# [DIRECTIONS FOR THIS TASK]
A word-for-word copy of the records is needed, with every picture left out.

# [INPUT]
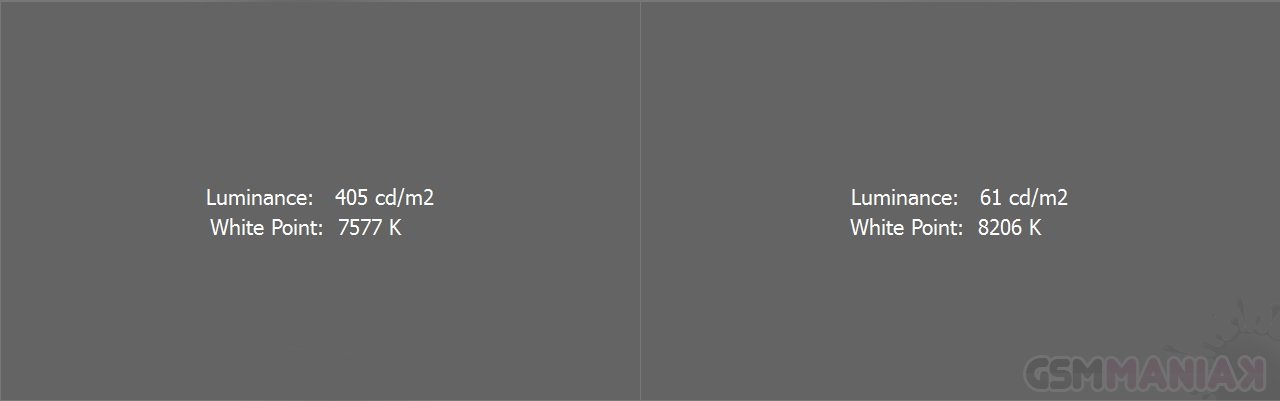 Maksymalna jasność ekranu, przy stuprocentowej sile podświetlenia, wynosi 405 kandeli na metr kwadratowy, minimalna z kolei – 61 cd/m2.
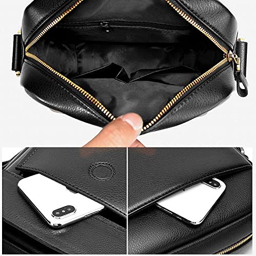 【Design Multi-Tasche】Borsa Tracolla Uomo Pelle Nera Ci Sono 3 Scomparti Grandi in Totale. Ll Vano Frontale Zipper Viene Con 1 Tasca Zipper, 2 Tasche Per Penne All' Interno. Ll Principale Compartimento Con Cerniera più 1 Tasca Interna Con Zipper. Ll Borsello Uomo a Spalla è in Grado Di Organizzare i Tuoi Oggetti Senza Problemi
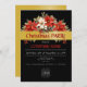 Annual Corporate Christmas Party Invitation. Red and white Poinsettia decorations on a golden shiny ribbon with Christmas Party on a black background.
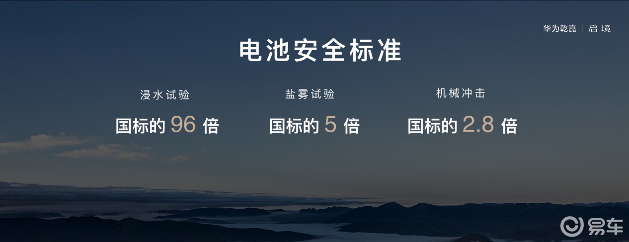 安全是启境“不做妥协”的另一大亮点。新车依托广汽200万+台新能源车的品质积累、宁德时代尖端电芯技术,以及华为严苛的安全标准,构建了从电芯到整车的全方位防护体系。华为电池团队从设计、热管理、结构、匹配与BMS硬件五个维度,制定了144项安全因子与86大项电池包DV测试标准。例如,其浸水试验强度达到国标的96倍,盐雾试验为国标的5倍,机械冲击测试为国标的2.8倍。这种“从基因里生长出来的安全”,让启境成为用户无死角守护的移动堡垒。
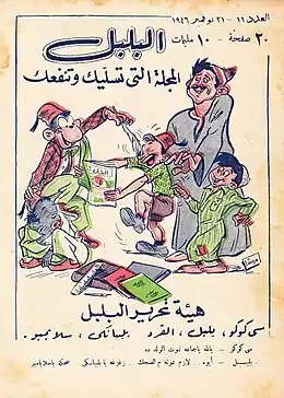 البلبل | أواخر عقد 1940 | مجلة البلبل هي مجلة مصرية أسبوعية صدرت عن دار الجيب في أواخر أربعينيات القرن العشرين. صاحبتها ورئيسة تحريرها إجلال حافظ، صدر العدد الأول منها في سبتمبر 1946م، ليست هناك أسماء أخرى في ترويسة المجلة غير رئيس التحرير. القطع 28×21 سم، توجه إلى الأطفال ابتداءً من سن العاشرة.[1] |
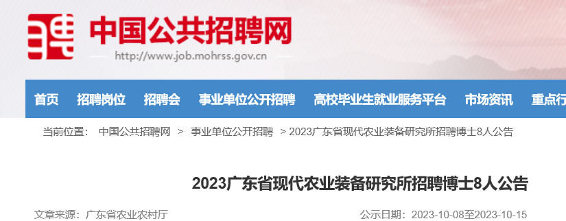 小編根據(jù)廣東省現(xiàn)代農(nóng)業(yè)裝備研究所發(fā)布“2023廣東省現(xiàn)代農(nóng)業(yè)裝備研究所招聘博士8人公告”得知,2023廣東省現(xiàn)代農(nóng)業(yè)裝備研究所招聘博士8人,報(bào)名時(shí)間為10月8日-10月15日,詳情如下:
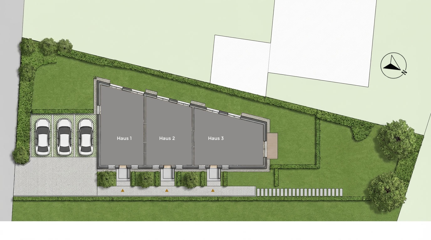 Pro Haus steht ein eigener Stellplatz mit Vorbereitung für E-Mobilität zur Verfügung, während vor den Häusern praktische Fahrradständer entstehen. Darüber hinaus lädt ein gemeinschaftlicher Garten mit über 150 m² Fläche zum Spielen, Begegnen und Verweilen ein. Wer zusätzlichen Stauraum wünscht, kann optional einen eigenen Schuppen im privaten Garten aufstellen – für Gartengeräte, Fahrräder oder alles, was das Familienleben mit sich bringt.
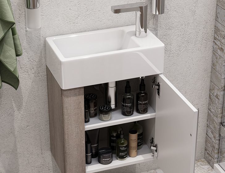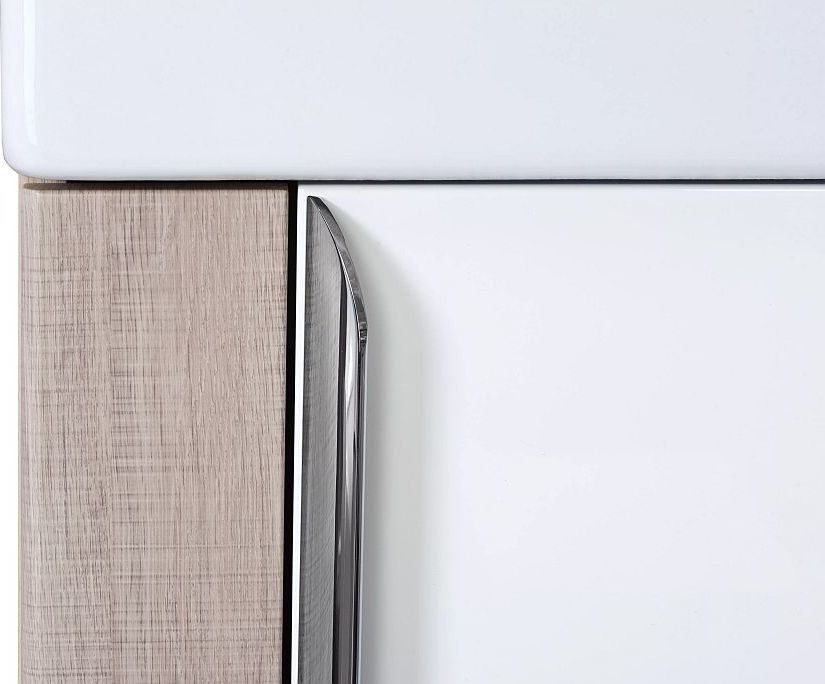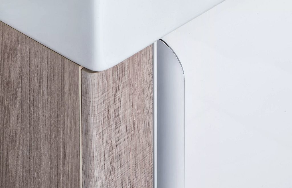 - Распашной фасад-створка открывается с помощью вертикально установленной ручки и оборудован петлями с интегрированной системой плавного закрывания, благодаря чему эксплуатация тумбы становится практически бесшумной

# [REPLY TO THE TASK]
 Maksymalna jasność ekranu, przy stuprocentowej sile podświetlenia, wynosi 405 kandeli na metr kwadratowy, minimalna z kolei – 61 cd/m2.
 【Design Multi-Tasche】Borsa Tracolla Uomo Pelle Nera Ci Sono 3 Scomparti Grandi in Totale. Ll Vano Frontale Zipper Viene Con 1 Tasca Zipper, 2 Tasche Per Penne All' Interno. Ll Principale Compartimento Con Cerniera più 1 Tasca Interna Con Zipper. Ll Borsello Uomo a Spalla è in Grado Di Organizzare i Tuoi Oggetti Senza Problemi
 Annual Corporate Christmas Party Invitation. Red and white Poinsettia decorations on a golden shiny ribbon with Christmas Party on a black background.
 安全是启境“不做妥协”的另一大亮点。新车依托广汽200万+台新能源车的品质积累、宁德时代尖端电芯技术,以及华为严苛的安全标准,构建了从电芯到整车的全方位防护体系。华为电池团队从设计、热管理、结构、匹配与BMS硬件五个维度,制定了144项安全因子与86大项电池包DV测试标准。例如,其浸水试验强度达到国标的96倍,盐雾试验为国标的5倍,机械冲击测试为国标的2.8倍。这种“从基因里生长出来的安全”,让启境成为用户无死角守护的移动堡垒。
 البلبل | أواخر عقد 1940 | مجلة البلبل هي مجلة مصرية أسبوعية صدرت عن دار الجيب في أواخر أربعينيات القرن العشرين. صاحبتها ورئيسة تحريرها إجلال حافظ، صدر العدد الأول منها في سبتمبر 1946م، ليست هناك أسماء أخرى في ترويسة المجلة غير رئيس التحرير. القطع 28×21 سم، توجه إلى الأطفال ابتداءً من سن العاشرة.[1] |
 小編根據(jù)廣東省現(xiàn)代農(nóng)業(yè)裝備研究所發(fā)布“2023廣東省現(xiàn)代農(nóng)業(yè)裝備研究所招聘博士8人公告”得知,2023廣東省現(xiàn)代農(nóng)業(yè)裝備研究所招聘博士8人,報(bào)名時(shí)間為10月8日-10月15日,詳情如下:
 Pro Haus steht ein eigener Stellplatz mit Vorbereitung für E-Mobilität zur Verfügung, während vor den Häusern praktische Fahrradständer entstehen. Darüber hinaus lädt ein gemeinschaftlicher Garten mit über 150 m² Fläche zum Spielen, Begegnen und Verweilen ein. Wer zusätzlichen Stauraum wünscht, kann optional einen eigenen Schuppen im privaten Garten aufstellen – für Gartengeräte, Fahrräder oder alles, was das Familienleben mit sich bringt.
 - Распашной фасад-створка открывается с помощью вертикально установленной ручки и оборудован петлями с интегрированной системой плавного закрывания, благодаря чему эксплуатация тумбы становится практически бесшумной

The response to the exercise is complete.